I strongly believe most MS Exchange engineers / administrators biggest nightmares are spiders… I mean who likes spiders (I strongly dislike, dare I say hate walking into a spider web – it sucks), but next up would be a full DR incident where your primary site goes down and now you are left with just DR. If properly planned and implemented with a DAG (or DAGs, depending on your configuration) along with Datacenter Activation Coordinator configuration it doesn’t have to be that rough.
I obviously did this in my lab which is setup as shown below…
Very simple and here is a breakdown:
- One forest, exchangelaboratory.com
- Two AD Sites, EWR (DR) and LGA (Primary)
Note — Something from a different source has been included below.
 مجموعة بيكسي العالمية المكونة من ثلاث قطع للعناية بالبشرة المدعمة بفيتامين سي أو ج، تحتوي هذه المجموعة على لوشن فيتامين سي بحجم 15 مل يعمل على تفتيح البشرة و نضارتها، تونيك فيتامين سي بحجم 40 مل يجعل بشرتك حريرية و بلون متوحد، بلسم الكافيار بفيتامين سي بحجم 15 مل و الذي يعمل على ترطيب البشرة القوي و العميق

- Five multiple role Exchange 2010 SP3 UR6 servers, four in the LGA (Primary) site and one in the EWR (DR) site
- Single DAG spanning both sites
- Namespace in the LGA site (primary, so ExternalURL and InternalURL) is mail.exchangelaboratory.com and EWR site (DR – non internet facing, so InternalURL only) is webmail.exchangelaboratory.com
- Only the Primary (LGA) site is internet facing
You are in bed and your phone goes off. Boss man tells you that the LGA site is completely down due to a power failure and you need to bring Exchange online in DR. Active Directory / DNS is already online in DR (with the FSMO roles seized / moved) and Exchange is ready to be activated within that DR site. Get to it!
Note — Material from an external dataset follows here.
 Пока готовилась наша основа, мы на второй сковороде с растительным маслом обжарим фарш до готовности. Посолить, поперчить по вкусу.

Stage One: Site Switchover of the DAG
First thing first is to confirm the state of your databases in the DR site. In most situations they should show Disconnected and Healthy because without the FSW + Four Exchange 2010 nodes within a cluster (of five) you no longer have quorum. The easiest way to accomplish this would be to run Get-MailboxDatabase | Get-MailboxDatabaseCopyStatus
Within EMS (Exchange Management Shell) set your session to a local domain controller by running Set-ADServerSettings –PreferredServer <local domain controller FQDN>
The next thing you will want to do is stop the database availability group in configuration only mode within the site that is failed (not the surviving, DR site). The command below will do two things:
- Stop the clustering services
- Evict the servers within the failed site
Confirm that the stop command ran successfully..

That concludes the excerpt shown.